Conservation of momentum is

{\vec{p}}_{f} = {\vec{p}}_{i} .

Define the direction of their initial velocity vectors to be the + x -direction. The initial momentum is then

{\vec{p}}_{i} = m_{1} v_{1} \hat{i} + m_{2} v_{2} \hat{i} .

The final momentum of the now-linked carts is

{\vec{p}}_{f} = (m_{1} + m_{2}) {\vec{v}}_{f} .

Equating:

\begin{matrix} (m_{1} + m_{2}) {\vec{v}}_{f} & = & m_{1} v_{1} \hat{i} + m_{2} v_{2} \hat{i} \\ {\vec{v}}_{f} & = & (\frac{m_{1} v_{1} + m_{2} v_{2}}{m_{1} + m_{2}}) \hat{i} . \end{matrix}

Substituting the given numbers:

\begin{matrix} {\vec{v}}_{f} & = [\frac{(0.675 kg) (0.75 m/s) + (0.5 kg) (1.33 m/s)}{1.175 kg}] \hat{i} \\ = (0.997 m/s) \hat{i} . \end{matrix}

Significance

The principles that apply here to two laboratory carts apply identically to all objects of whatever type or size.
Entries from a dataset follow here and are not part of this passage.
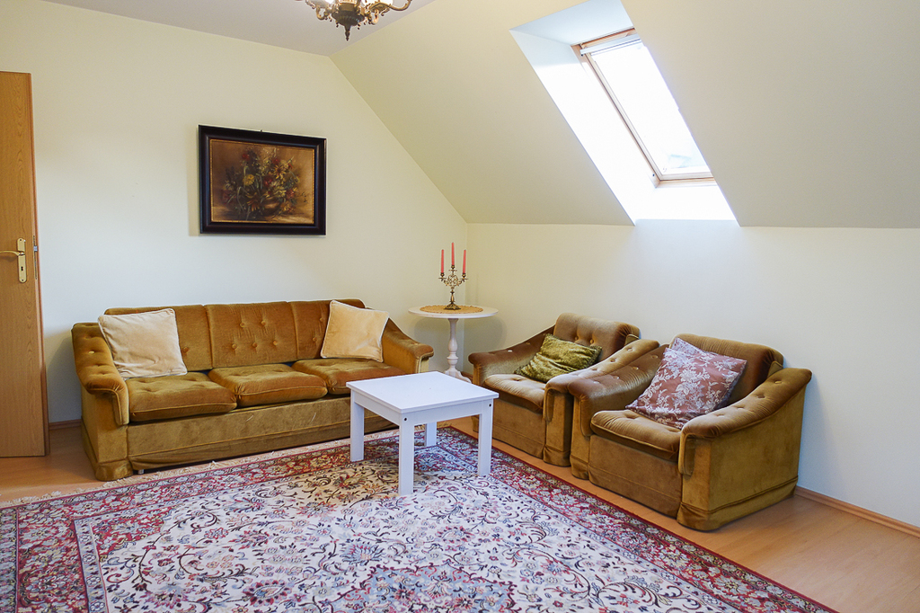 Do sprzedaży wolno stojący dom, z 2000 roku, bardzo wygodny i funkcjonalny. Kameralna lokalizacja na Gumieńcach, przy bardzo spokojnej ulicy, wśród bogatej zieleni i w otoczeniu innych domów jednorodzinnych oraz zielonych terenów rekreacyjnych. Okolice ulic Huzarów, Niepołomickiej, Tynieckiej.Dom z dobrym dostępem do komunikacji miejskiej. Idealny dla wielopokoleniowej rodziny.Priorytetem w tworzeniu domu był rodzinny klimat co widać w przemyślanej przyjaznej aranżacji domu. Dzięki dużym oknom na parterze wnętrza pełne są naturalnego światłą podkreślając otwarty charakter. Dom został starannie zaplanowany z myślą o rodzinie tworząc idealne warunki do odpoczynku i do pracy.Parter (93,5 m?):* Hall (10,5 m?) - otwarty na salon, z wejściami do: kuchni, toalety dla gości, pomieszczeń technicznych oraz na poddasze.* W salonie (32 m?) zwraca uwagę kominek i wyjście podwójnymi drzwiami na taras (16 m?) otoczony zielenią stanowiącym idealne miejsce na chwile wytchnienia i dalej do ogrodu z drzewami i krzewami. Salon otwarty na hall.* Sercem domu jest przestronna, jasna kuchnia (13,5 m?) - o kształcie kwadratu, z oknem, której delikatne oświetlenie tworzą przytulną atmosferę, sprawia, że gotowanie staje się prawdziwą przyjemnością sprzyja też rodzinnym spotkaniom. Praktyczna zabudowa meblowa z urządzeniami AGD: lodówka, zmywarka 60 cm Whirpool, kuchenka elektryczna z płytą ceramiczną i piekarnikiem Amica, okap), stół z krzesłami.* Toaleta dla gości (2,6 m?) - WC z umywalką.Piętro (88 m?):* Sypialnia 24,5 m? (po podłodze 27,3 m?)) z udogodnieniem w postaci pojemnej garderoby z oknem,* Garderoba 9 m? (po podłodze 11,5 m?)* Pokój 16 m? (po podłodze 20,4 m?)* Pokój 9,5 m? (po podłodze 12,7 m?)* Hall wypoczynkowy 18,5 m? (po podłodze 20 m?) z oknem połaciowym, możliwość wydzielenia w nim części wspólnej komputerowej*Łazienka o powierzchni 11,1 m? (po podłodze 13,5 m?) z wanną, umywalką, WC i bidetem, z możliwość zainstalowania kabiny prysznicowej, okno połaciowe.* Mała garderoba ze skosami bez okna.Na piętrze z sypialni i pokojach okna są pełnowymiarowe.Poddasze:Wejście z hallu opuszczanymi z góry schodami.Trzy pomieszczenia do przechowywania z oknami połaciowymi.Ocieplony dach oraz strop nad I piętrem ocieplony.Wysokość strychu w najwyższym punkcie 2,65 m.Pomieszczenia techniczne znajdują się na parterze, oddzielone od części mieszkalnej:* Pralnia (10,5 m?) wanna i pralka, piec gazowy Buderus (wymieniony 3 lata temu) oraz zbiornik na ciepłą wodę (118 litrów)* Spiżarnia (5,2 m?) z dodatkową lodówką* Garaż (19,2 m?) na jeden samochód, brama uchylna sterowana pilotem.Wejście do domu przez wiatrołap (2,4 m?), na podłodze terakota.OPIS BUDYNKU:Powierzchnia użytkowa 189,5 m2 (po podłodze więcej), działka 492 m2.W otoczeniu domy jednorodzinne i szeregowe.Ogród z nasadzeniami ozdobnymi.Wejście do budynku i wjazd do garażu z poziomu zerowego. Poddasze nieużytkowe, dom niepodpiwniczony.Powierzchnia użytkowa 189,5 m?, powierzchnia całkowita 250 m?.Dom położony na działce o powierzchni 492 m?.Parter i piętro z niewielkimi skosami (wysoka ścianka kolankowa), poddasze nieużytkowe, niskie, bez podpiwniczenia.Budynek wybudowany z bloczków, dach stromy z blachodachówką. Ściany kolankowe na I piętrze o wysokości 1,3 m.W łazience, i toaletach glazura i terakota.W pomieszczeniach technicznych terakota.Okna nowoczesne drewniane VELUX, dwuszybowe, na piętrze częściowo połaciowe, parapety drewniane.Ogrzewanie gazowe, drzwi wejściowe antywłamaniowe, rolety antywłamaniowe na całym parterze sterowane pilotem, alarm, monitoring.Garaż wbudowany, z miejscem na 1 samochód i jednoślady. Drzwi do garażu uchylne sterowane pilotem. Dodatkowo jedno miejsce do parkowania przed garażem.Działka ogrodzona z bramą sterowaną pilotem.For sale: a detached house, built in 2000, very comfortable and functional. It's located in a quiet street in Gumieńce, surrounded by lush greenery and other single-family homes and recreational areas. Located near Huzarów, Niepołomicka, and Tyniecka streets, the house offers easy access to public transportation. Ideal for a multi-generational family. A family atmosphere was a priority in creating the house, which is evident in the carefully thought-out, welcoming layout. Thanks to large windows on the ground floor, the interiors are filled with natural light, emphasizing the open character. The house was carefully planned with the family in mind, creating ideal conditions for relaxation and work. Ground floor (93.5 m?): * Hall (10.5 m?) - open to the living room, with entrances to the kitchen, guest toilet, technical rooms, and attic. * The living room (32 m?) features a fireplace and double doors leading to a 16 m? terrace surrounded by greenery, an ideal place for relaxation, and further on to the garden with trees and shrubs. The living room opens onto the hall. * The heart of the home is the spacious, bright kitchen (13.5 m?) ? square in shape, with a window, whose soft lighting creates a cozy atmosphere, making cooking a true pleasure and conducive to family gatherings. Practical built-in furniture with appliances: refrigerator, 60 cm Whirlpool dishwasher, electric stove with ceramic hob and Amica oven, extractor hood), table and chairs. * Guest toilet (2.6 m?) ? toilet with sink. First floor (88 m?): * Bedroom 24.5 m? (27.3 m? floor area)) with the convenience of a spacious wardrobe with a window, * Wardrobe 9 m? (11.5 m? floor area) * Room 16 m? (20.4 m? floor area) * Room 9.5 m? (12.7 m? floor area) * Lounge 18.5 m? (20 m? floor area) with a roof window, possibility of creating a common computer area * Bathroom 11.1 m? (13.5 m? floor area) with a bathtub, washbasin, toilet and bidet, with the possibility of installing a shower cabin, roof window. * Small wardrobe with sloping ceilings without a window. On the first floor, all bedrooms and rooms have full-s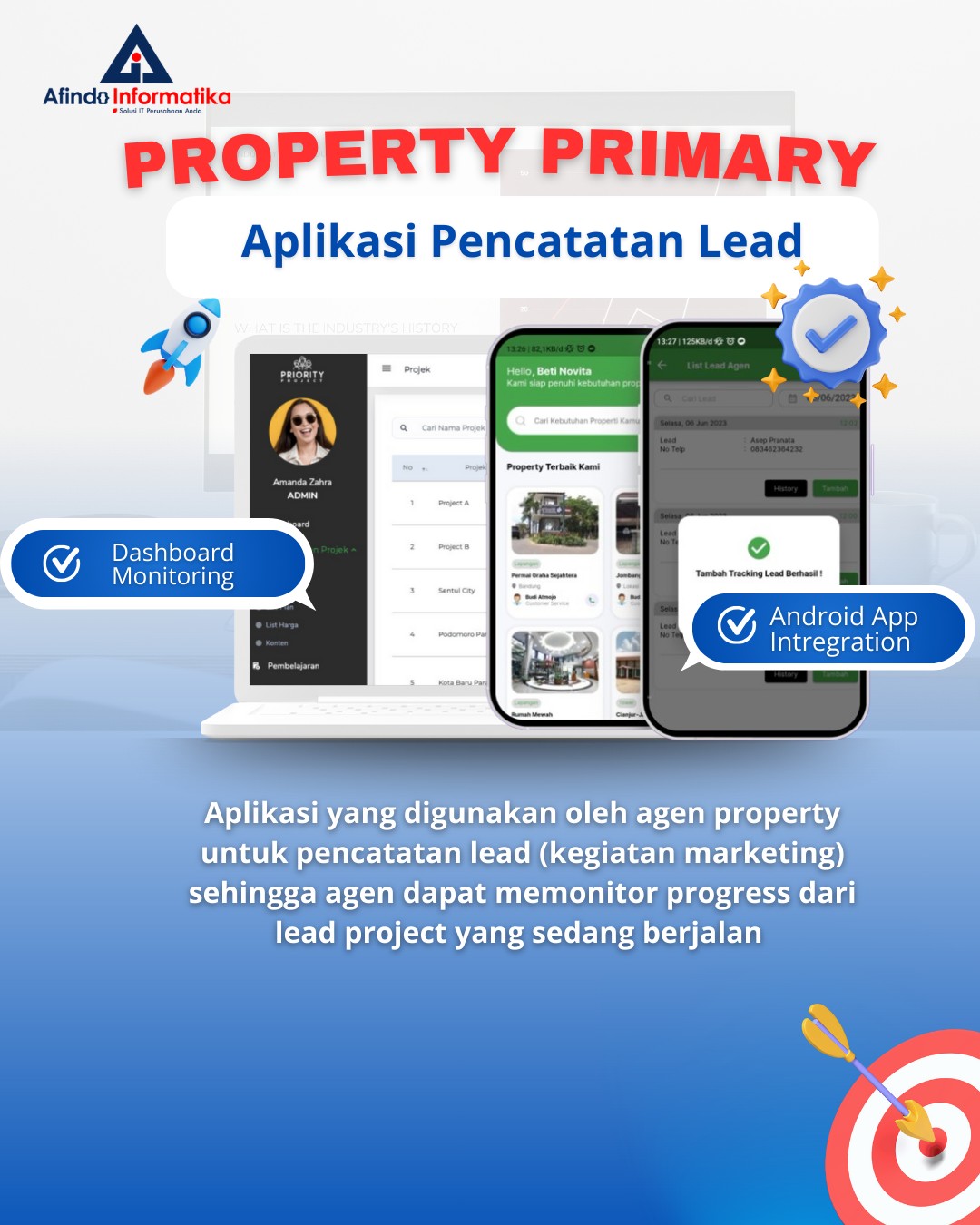 Aplikasi ini membantu agen dan leader properti untuk bekerja lebih efisien, terstruktur, dan profesional dalam setiap aktivitas penjualan dan pemasaran.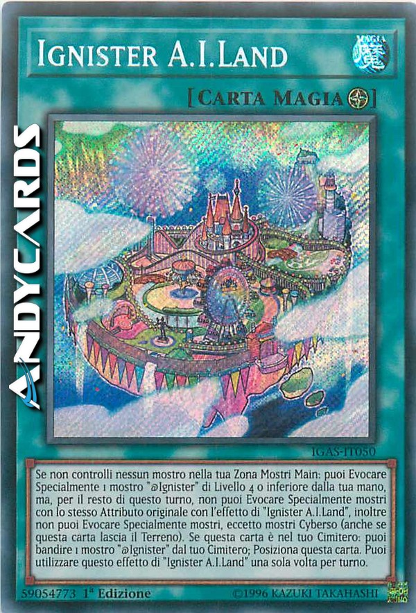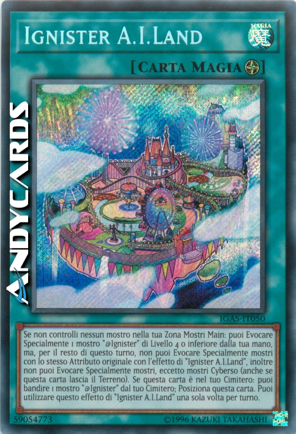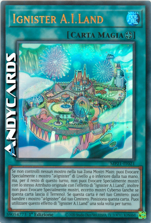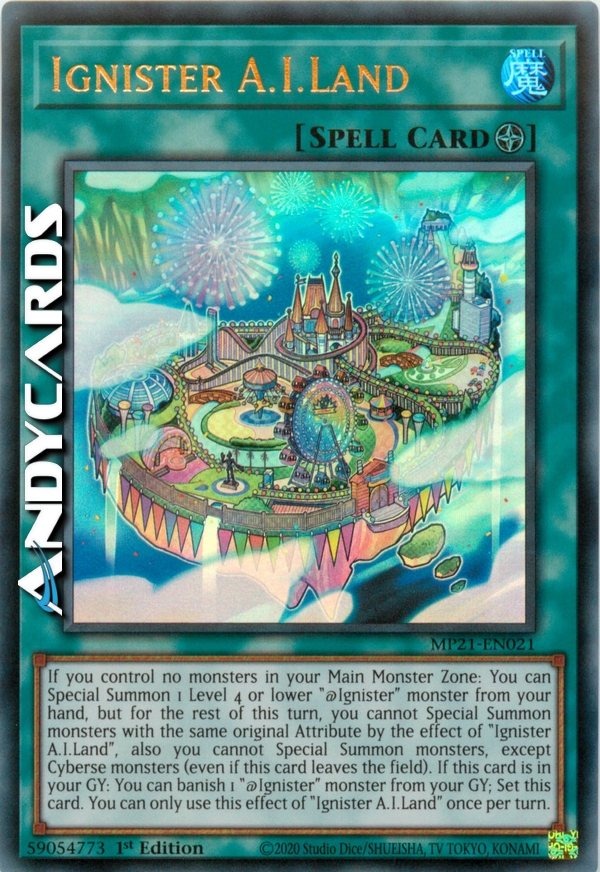 Se non controlli nessun mostro nella tua Zona Mostri Main: puoi Evocare Specialmente 1 mostro "@Ignister" di Livello 4 o inferiore dalla tua mano, ma, per il resto di questo turno, non puoi Evocare Specialmente mostri con lo stesso Attributo originale con l'effetto di "Ignister A.I.Land", inoltre non puoi Evocare Specialmente mostri, eccetto mostri Cyberso (anche se questa carta lascia il Terreno). Se questa carta è nel tuo Cimitero: puoi bandire 1 mostro "@Ignister" dal tuo Cimitero; Posiziona questa carta. Puoi utilizzare questo effetto di "Ignister A.I.Land" una sola volta per turno.

Even for photons, the concepts of momentum and conservation of momentum are still crucially important even at that scale. (Since they are massless, the momentum of a photon is defined very differently from the momentum of ordinary objects. You will learn about this when you study quantum physics.)

Check Your Understanding Suppose the second, smaller cart had been initially moving to the left. What would the sign of the final velocity have been in this case?

If the smaller cart were rolling at 1.33 m/s to the left, then conservation of momentum gives
$\begin{matrix} (m_{1} + m_{2}) {\vec{v}}_{f} & = & m_{1} v_{1} \hat{i} - m_{2} v_{2} \hat{i} \\ {\vec{v}}_{f} & = & (\frac{m_{1} v_{1} - m_{2} v_{2}}{m_{1} + m_{2}}) \hat{i} \\ = & [\frac{(0.675 kg) (0.75 m/s) - (0.500 kg) (1.33 m/s)}{1.175 kg}] \hat{i} \\ = & − (0.135 m/s) \hat{i} \end{matrix}$
Thus, the final velocity is 0.135 m/s to the left.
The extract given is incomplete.